La santa comunione, come dice la parola stessa, è l'unione intima di Gesù con la nostra anima e il nostro corpo. Se vogliamo avere la vita e possederla in modo più grande ancora, dobbiamo vivere della carne di nostro Signore. I santi l'hanno così ben capito che potevano passare ore in preparazione ed ancor più in rendimento di grazie. Chi potrebbe spiegarlo? «Quale profondità di ricchezza nella sapienza e scienza di Dio! Quanto sono imperscrutabili i suoi giudizi, esclamava Paolo, e inaccessibili le sue vie, poiché chi mai ha potuto conoscere il pensiero del Signore?» (Rm 11,33-34).
Quando accogliete Cristo nel vostro cuore dopo aver condiviso il Pane Vivo, pensate a quanto la Madonna debba aver provato allorché lo Spirito Santo la coprì della sua ombra ed ella, piena di grazia, ricevette il corpo di Cristo (Lc 1,26s). Lo Spirito era così forte in lei che subito «ella si alzò in fretta» (v.39) per andare e servire.
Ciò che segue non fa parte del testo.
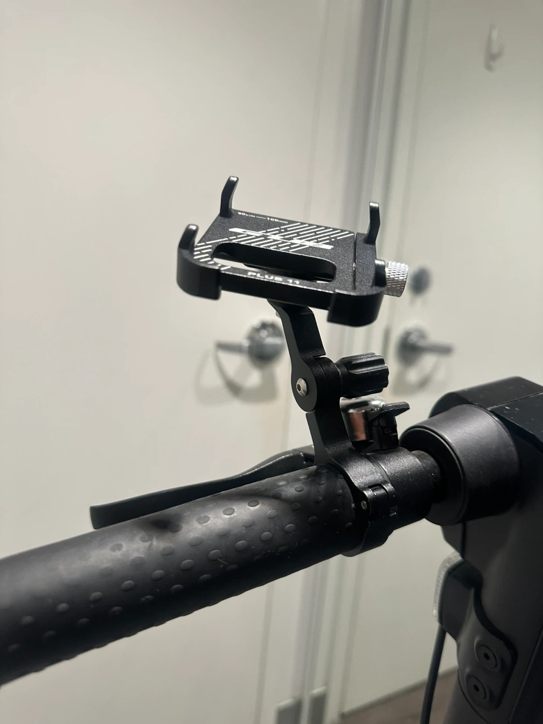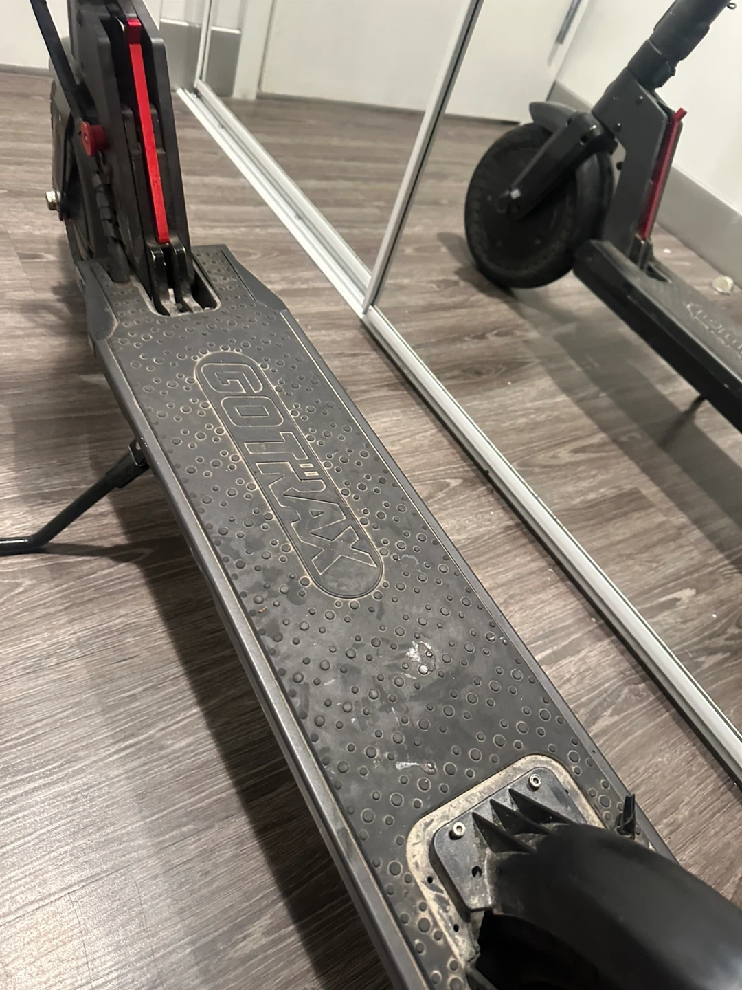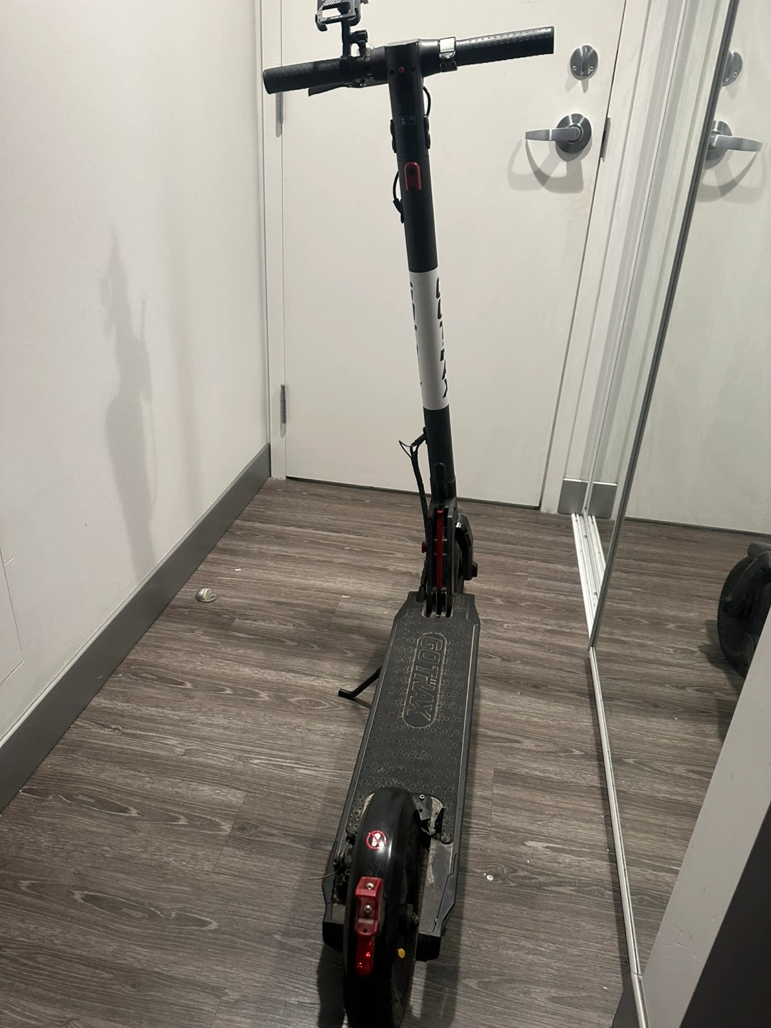 Selling a Gotrax electric scooter in used condition. It has a phone holder attached to the handle bars. There are some signs of wear and tear, as seen in the photos, but it still works great!, breaks were just repaired, and a brand new phone stand is added.

J. Ratzinger. La vita divina nella nostra vita.
Da "Il Dio vicino"



"La vita con Dio, la vita eterna nella vita temporale, è possibile per questo, perché esiste la vita di Dio con noi: Cristo è Dio che viene a stare con noi. In lui Dio ha tempo per noi, lui è il tempo di Dio per noi e quindi, allo stesso tempo, l'apertura del tempo sull'eternità.
Dio non è più il Dio lontano, indeterminato, a cui non arriva alcun ponte, ma è il Dio vicino: il corpo del Figlio è il ponte delle nostre anime. Per mezzo di lui il rapporto con Dio di ciascuno di noi si è fuso nell'unicità della sua relazione con Dio, così che guardare a Dio non è più distogliere lo sguardo dagli altri e dal mondo, ma fusione del nostro sguardo e del nostro essere con lo sguardo unico e l'essere unico del Figlio. Poiché lui è disceso nelle profondità della terra (Ef 4,9s), Dio non è più solo un Dio che sta in alto, ma ci circonda e ci abbraccia, dall'alto, dal basso e dal profondo di noi stessi: Egli è tutto in tutto, e per questo a noi appartiene tutto in tutto: «Tutto quello che è mio, è tuo». Il «Dio tutto in tutto» ha avuto inizio con l'autoesproprìazione di Cristo in croce. Si compirà quando il Figlio consegnerà definitivamente al Padre il regno, cioè l'umanità radunata e la creazione tutta, insieme con essa (1Cor 15,28). Per questo non c'è più il puro privato dell'io isolato, ma «tutto ciò che è mio è tuo». Questa splendida parola del padre al figlio perduto (Lc 15,31), con cui poi Gesù ha descritto la sua esclusiva relazione con il Padre nella preghiera sacerdotale (Gv 17,10), nel corpo di Cristo vale anche per noi tutti tra di noi.
Ogni dolore accolto, ancora così nascosto, ogni silenziosa sopportazione del male, ogni superamento interiore di se stessi, ogni inizio di amore, ogni rinuncia e ogni silenzioso atto di affidamento a Dio: tutto ciò diventa ora operante nel tutto; niente di buono accade invano. Alla potenza del male, che con i suoi tentacoli minaccia di attaccare tutta la struttura della nostra società e di soffocarla in un abbraccio mortale, si oppone questo silenzioso circuito della vera vita, come la potenza liberante, in cui il regno di Dio, senza attirare l'attenzione, come dice il Signore, è già in mezzo a noi (Lc 17,21). In questo circuito si realizza il regno di Dio, poiché la volontà di Dio accade sulla terra come in cielo" (J. Ratzinger, Il Dio vicino, pagg. 154-155).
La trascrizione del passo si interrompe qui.